Students gather at the Ladeuzeplein public square for their Thursday protests

Far behind the SDGs Targets

In its July 2017 Voluntary National Reviews (VNR) of the progress on SDGs- submitted at the UN’s High Level Forum, Belgium had claimed to be making good progress on achieving its targets. The report cited a number of measures taken by the government to fulfill its commitment to Goal 13 in particular which included a ‘cooperation agreement on the internal sharing of Belgium’s climate and energy objectives for the 2013-2020 period’ and a Low-carbon Belgium 2050 program.

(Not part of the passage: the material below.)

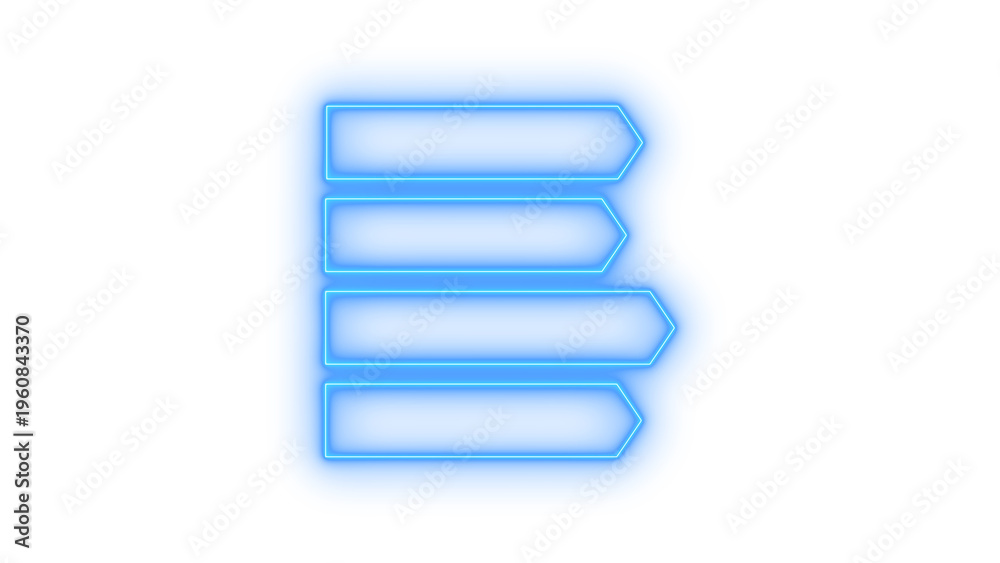 Horizontal set of four glowing blue neon arrow-shaped empty text boxes for user interface design, information display, or infographic elements, isolated on transparent background. #1960843370
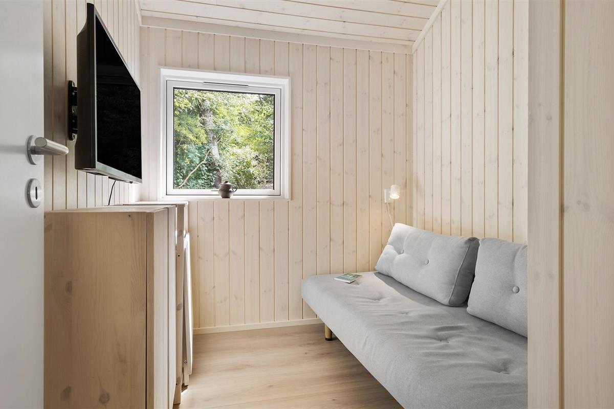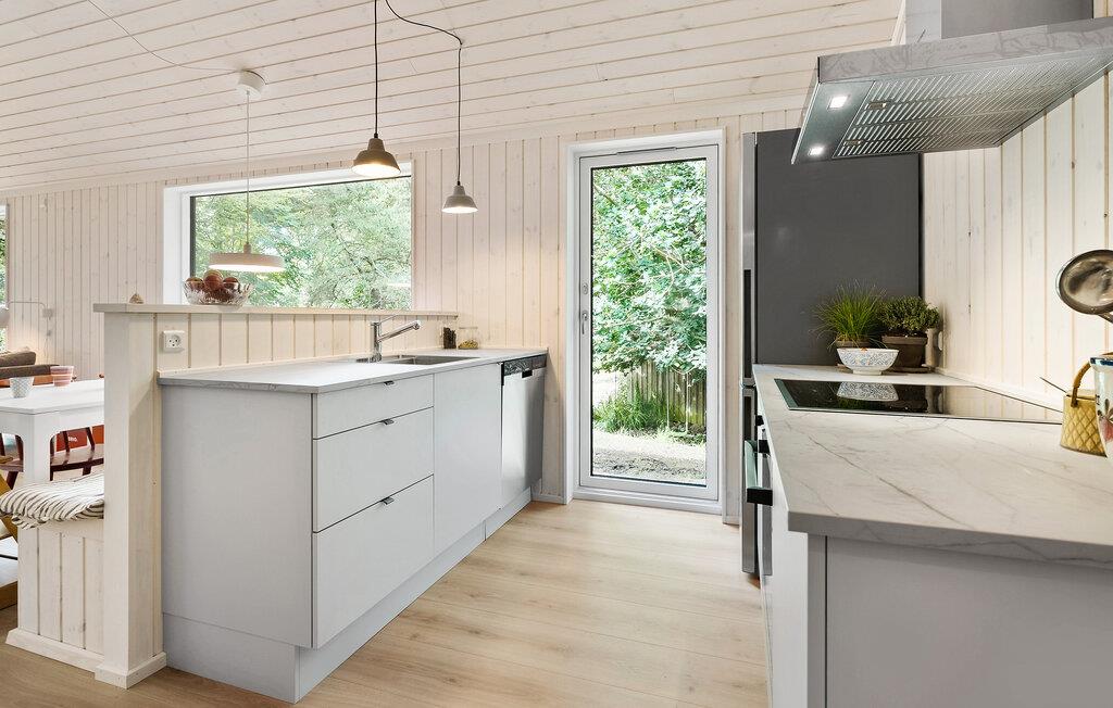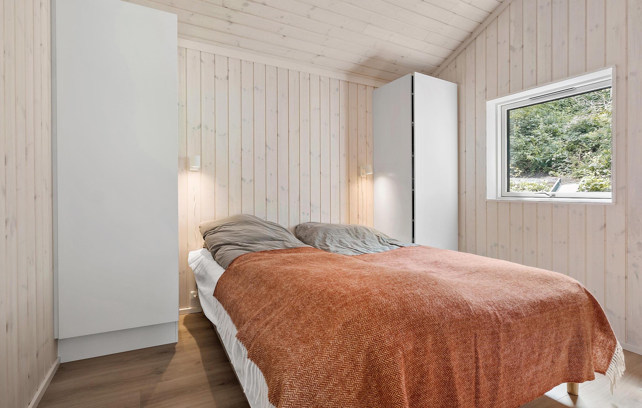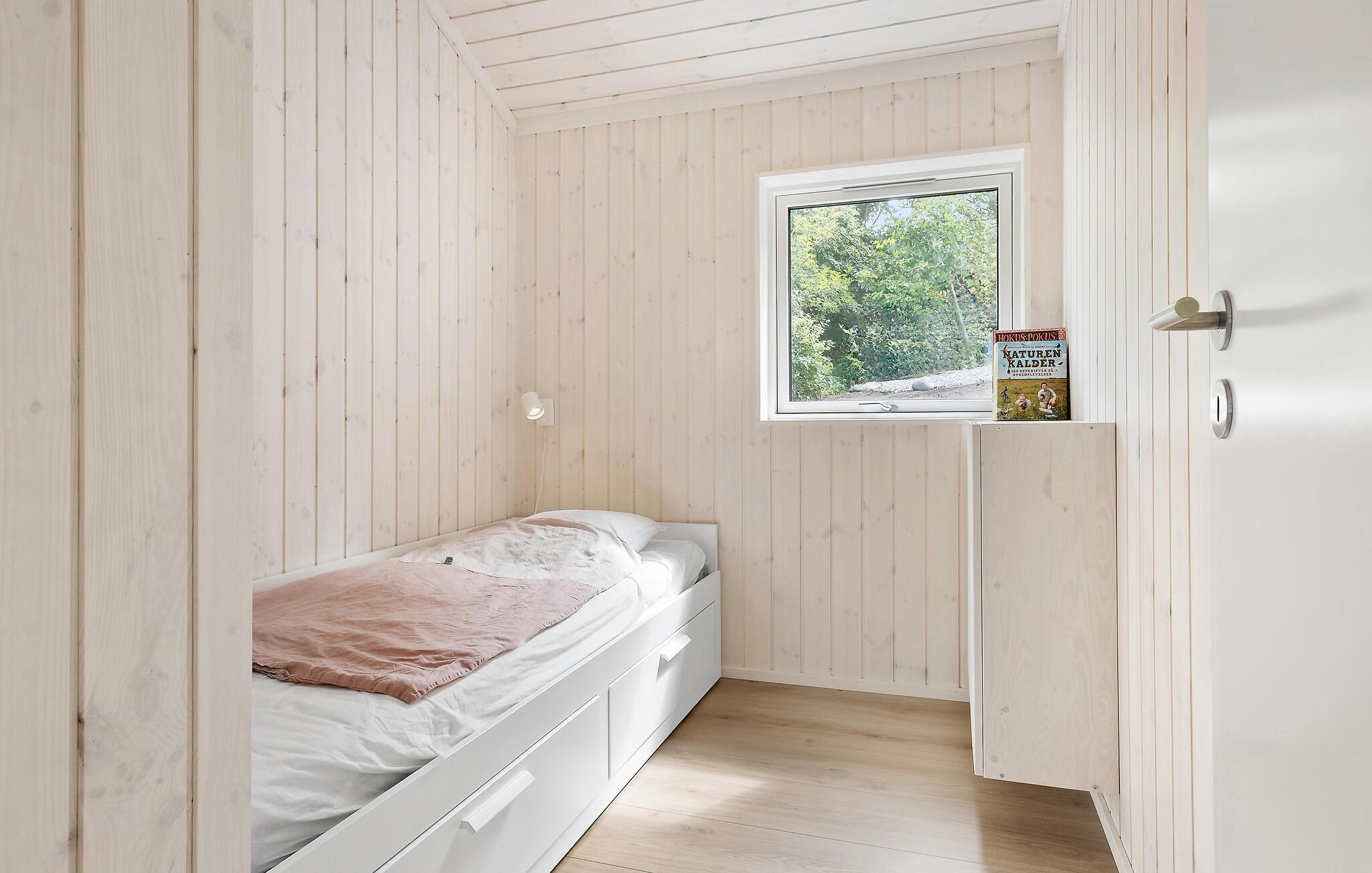 Genesteld in een klein bosrijk gebied, verwelkomt dit charmante vakantiehuis je dicht bij Klint Strand. Hier vind je rust en afzondering in een idyllische omgeving. Het huis zelf straalt gezelligheid en warmte uit, met een uitnodigende bank die ideaal is om te ontspannen en te bladeren voor de houtkachel. Geniet van het uitzicht op de liefdevol onderhouden tuin.

However, according to Jean-Pascal Van Ypersele, Belgium’s most renowned climatologist, there is little coordination on the ground among the different levels of the government. As a result, there is very low level of efficiency in achieving its SDGs, especially Goal 13.

‘Belgium is set to miss, by a big margin, the targets for 2025-2030 and it will remain significantly behind if it does not upgrade its policies’

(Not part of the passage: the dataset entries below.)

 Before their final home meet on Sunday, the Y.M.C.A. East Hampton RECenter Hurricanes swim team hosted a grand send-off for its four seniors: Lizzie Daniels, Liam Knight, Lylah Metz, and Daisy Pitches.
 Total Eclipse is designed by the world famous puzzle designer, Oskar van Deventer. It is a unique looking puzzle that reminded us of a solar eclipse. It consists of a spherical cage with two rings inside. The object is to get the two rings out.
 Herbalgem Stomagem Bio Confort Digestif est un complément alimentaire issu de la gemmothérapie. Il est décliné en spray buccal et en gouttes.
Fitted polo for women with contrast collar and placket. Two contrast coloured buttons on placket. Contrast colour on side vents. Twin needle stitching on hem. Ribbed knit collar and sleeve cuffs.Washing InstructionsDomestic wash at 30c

The students’ protests, therefore, highlight a truth which is bitter and embarassing: not enough has been done to achieve Goal 13, says Van Ypersele.

‘They are demonstrating for the right reasons. Belgium is right now set to miss, by a big margin, the targets for 2025-2030 set by the European Comission under the framework of Paris agreement. And it will remain significantly behind if it does not upgrade its policies’, says the fromer IPCC Vice Chair who is also one of the 15 authors of the 2019 Global Sustainable Development Report which will be submitted this summer.

Civil society organizations’ own assessment has also pointed out Belgium’s poor pace of progress on climate action. In December, environmental groups Climate Action Network (CAN), Germanwatch and New Climate Institute jointly released the Climate Change Performance Index (CCPI) 2019 which marked Belgium at 45 –a rank far lower than Sweden and France. The assessment was done after examining performances in 4 areas: GHG emissions (40 per cent), renewable energy (20 per cent), energy use (20 per cent) and climate policy (20 per cent).

Belgium, said the report, is likely going to miss its own 2020 target of reducing carbon emission which has been rising since 2014, mainly in the transport and buildings sectors and also will have difficulty reaching its 2020 renewable energy target. ‘With four governments responsible for climate policy, it does not have a coherent strategy for reducing emissions’, CAN had also said in a press release.

© Stella Paul

Students gather at the Ladeuzeplein public square for their Thursday protests

Need of the Hour

Meyrem Almaci, president of the Flemish Green Party acknowledges the lack of coordination and ambition at the government and stresses that there is an urgent need of an ambitious climate coalition. ‘What we need now and what we fight for are binding climate laws with goals on short, middle and long term. In order to realise this, we need a climate coalition that is ambitious enough to bring this together’, she says.

The green party, asserts Almaci, are with the student protesters who are ‘bringing hope at a desperate time and pointing out the responsibility of adults and governments in safeguarding the planet.’ There are, however, signs that the protests are about to impact the elections, says Almaci, though they are not a first or standing alone. ‘The first signs of shifting priorities were of civilian collectives gathering data about our air pollution, putting up actions to reduce plastic and tackling issues such as meat consumption.’

Meantime, Kyra Gantois and her friends are getting ready to dig their heels deeper. There is a great show support from seveal quarters including the academics, scientists, corporations and many politicians. For example, the mayor of Leuven was quick to come and address the protesters and assure them of considering their demands, she points out. However, there is a fair chance that the situation may change once the elections are over and and the support from the political parties may begin to wane. ‘If that happens, we will be back on the street again, doing what we are doing now’, she says with a smile that reflects a steely resolve.